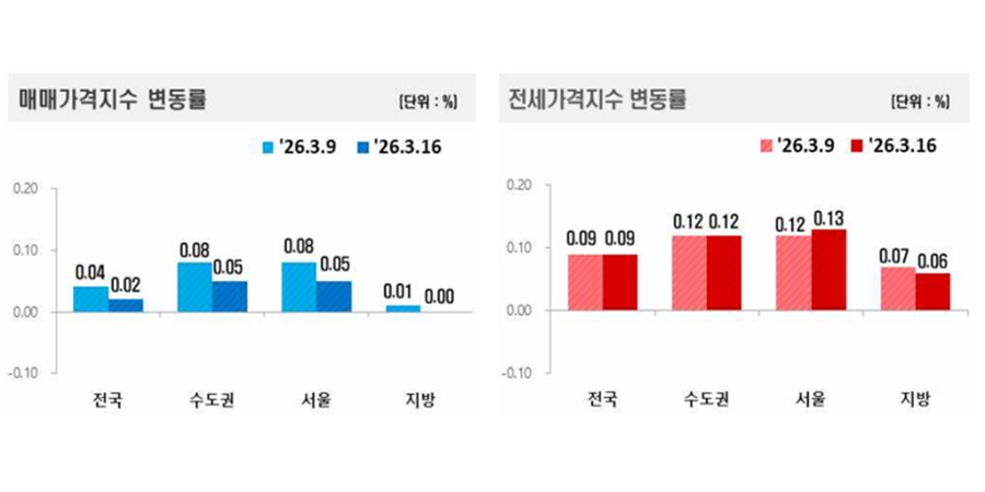 | ▲ 3월 셋째주 매매가격 및 전세가격지수 변동률. <한국부동산원> |
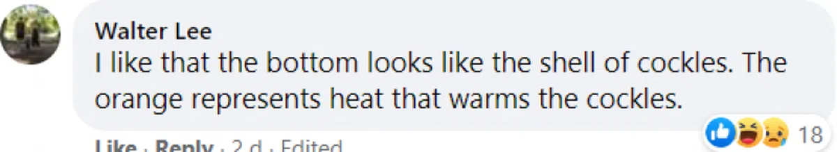 有细心的网民指出,那个蓝色河水的部分的线条看上去就像是蚶壳,上面的橙色部分刚好表现出蚶壳正在被加热暖暖的,与林志蔚的名言“心蚶一暖”不谋而合。
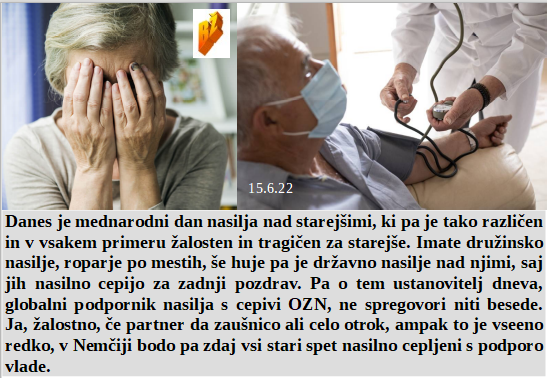 Dan ostarelih, nad katerimi se širi nasilje, tako v domačih krogih kot iz državnih organov. Meso je postalo globalno sredstvo za širjenje ogabnih laži! Kranjski župan pa je sklenil digitalno uničiti Kranj in Kranjčane. Ker v Nemčiji še niso dosegli katastrofalnega možganskega uničenja na novo uvajajo pandemijo in posledično cepljenje!
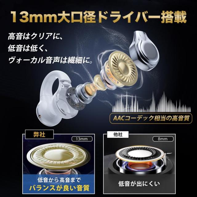 Bluetooth5.4の 安定通信で13mm大口ドライバーのHiFi音質で音楽、ゲームも遅延無しで楽しめます。
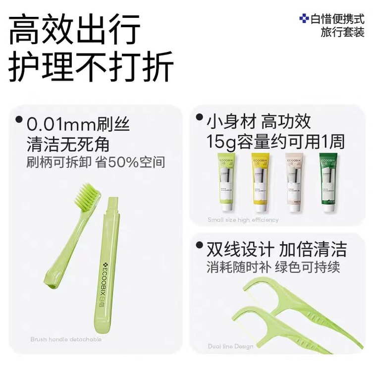 【中国直邮】 白惜 Ecoobix便携式口腔护理套装出差旅行必备随身牙具小巧带盖1套
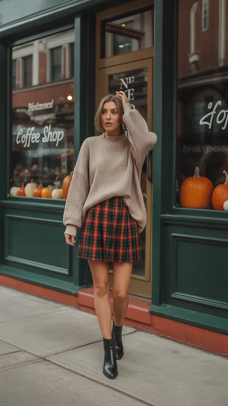 Fall is the perfect time to embrace cozy layers, and a plaid skirt paired with ankle boots is a stylish choice. This outfit combines warmth and chic vibes effortlessly. The plaid pattern brings a classic autumn feel, while the ankle boots add a modern twist.
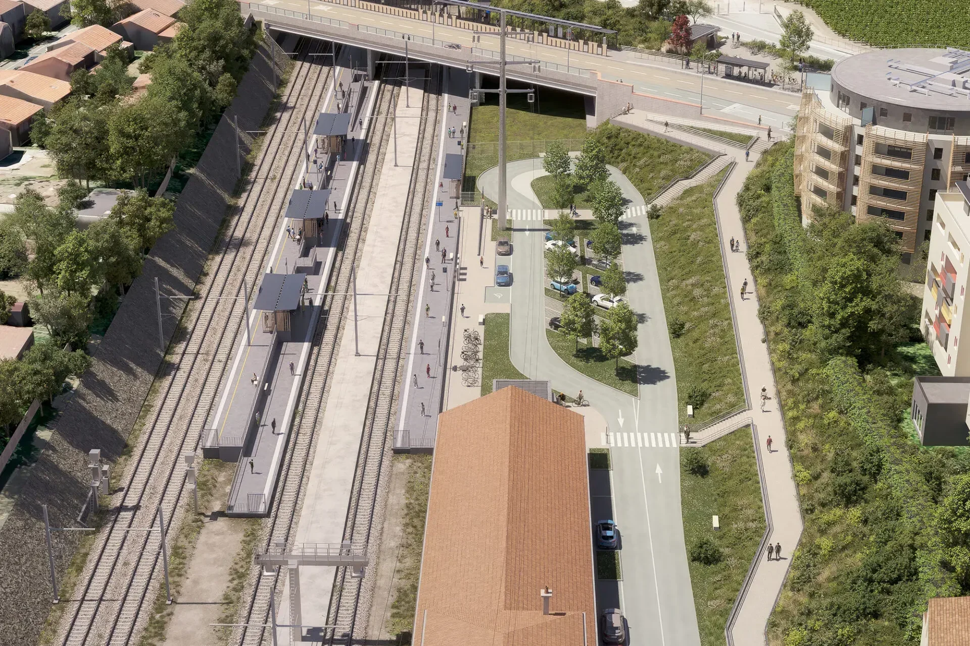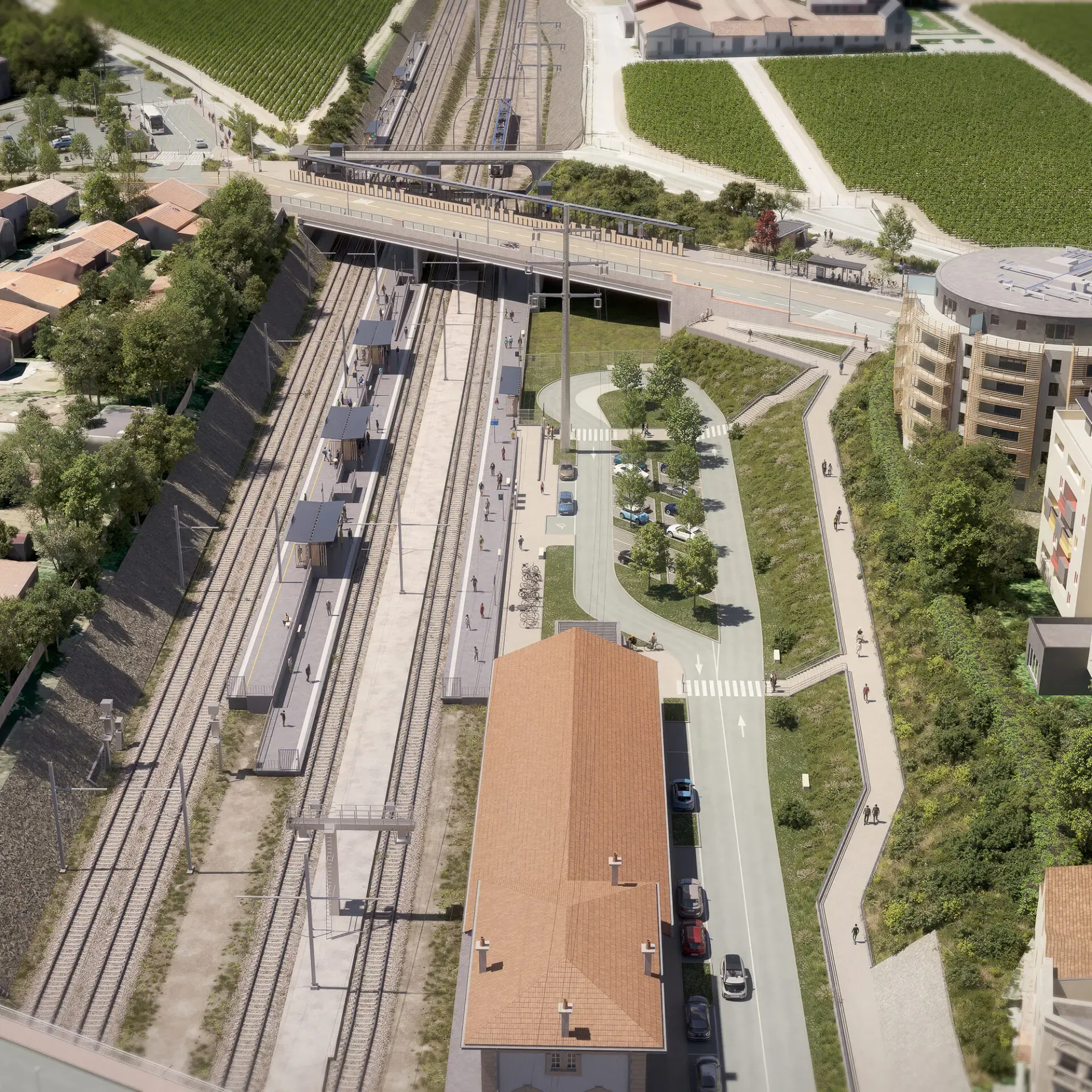 AMÉNAGEMENT DU PÔLE D’ÉCHANGES MULTIMODALCréation d’une offre multimodale autour de la halte : abris vélos sécurisés, arrêts de bus et de car express, places de stationnement, places de dépose minute, accès piéton facilité.
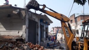 अतिक्रमण हटाने के दौरान महिलाओं ने मचाया हंगामा, पुलिस से की हाथापाई, जेसीबी ने ढहा दी दुकानें
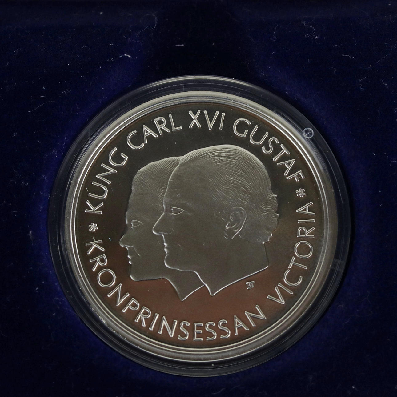 1 stk. mønt 200 kr, Kong Carl Gustaf og Kronprinsesse Victoria, sølv 925, 27 gr.
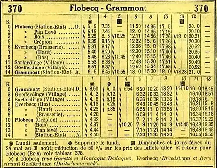 - Horaire des trains du au , Société nationale des chemins de fer belges (SNCB) (lire en ligne sur le Grenier Ferroviaire)
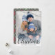 Esta design apresenta uma fotografia simples de Natal feliz, uma fotografia familiar, com uma cinza vermelha verde festiva branca, cartões com fotos de férias mínimos minimalistas, um moderno padrão nórdico elegante, com o padrão de férias com flocos de neve de inverno, um clássico elegante e simplista, com um modelo vertical com sangria de cheio, um roteiro de caligrafia na moda, um estilo criativo e simples de tipografia
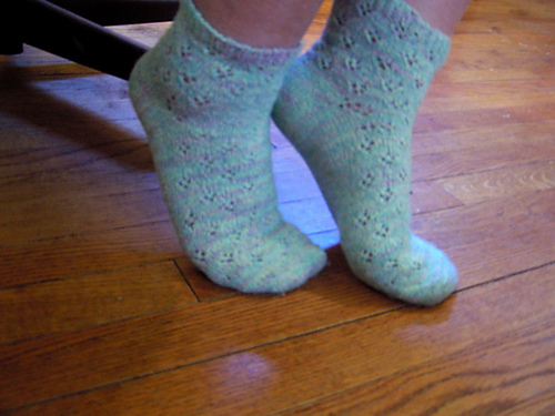 Oh!That 4AAT project was from a couple of years ago. I posted that pic just to show how I kept the yarn from getting tangled. Here’s how the socks came out. Glad you like the yarn; I dyed it.
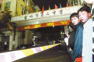 本报讯 广东省雷州市第二中学25日19时35分左右发生一起凶杀案,一名辍学青年冲入高二年级的教室,先后用刀杀死2人、砍伤4人后,用刀捅伤自己的腹部,并跳楼自杀身亡。

____________________

_Aim of the exercise_. Write out, word for word, the lines from the first line of the entries through the one containing "1 stk. mønt", both included. Leave out the pictures.

_Exercise answer_.
 | ▲ 3월 셋째주 매매가격 및 전세가격지수 변동률. <한국부동산원> |
 有细心的网民指出,那个蓝色河水的部分的线条看上去就像是蚶壳,上面的橙色部分刚好表现出蚶壳正在被加热暖暖的,与林志蔚的名言“心蚶一暖”不谋而合。
 Dan ostarelih, nad katerimi se širi nasilje, tako v domačih krogih kot iz državnih organov. Meso je postalo globalno sredstvo za širjenje ogabnih laži! Kranjski župan pa je sklenil digitalno uničiti Kranj in Kranjčane. Ker v Nemčiji še niso dosegli katastrofalnega možganskega uničenja na novo uvajajo pandemijo in posledično cepljenje!
 Bluetooth5.4の 安定通信で13mm大口ドライバーのHiFi音質で音楽、ゲームも遅延無しで楽しめます。
 【中国直邮】 白惜 Ecoobix便携式口腔护理套装出差旅行必备随身牙具小巧带盖1套
 Fall is the perfect time to embrace cozy layers, and a plaid skirt paired with ankle boots is a stylish choice. This outfit combines warmth and chic vibes effortlessly. The plaid pattern brings a classic autumn feel, while the ankle boots add a modern twist.
 AMÉNAGEMENT DU PÔLE D’ÉCHANGES MULTIMODALCréation d’une offre multimodale autour de la halte : abris vélos sécurisés, arrêts de bus et de car express, places de stationnement, places de dépose minute, accès piéton facilité.
 अतिक्रमण हटाने के दौरान महिलाओं ने मचाया हंगामा, पुलिस से की हाथापाई, जेसीबी ने ढहा दी दुकानें
 1 stk. mønt 200 kr, Kong Carl Gustaf og Kronprinsesse Victoria, sølv 925, 27 gr.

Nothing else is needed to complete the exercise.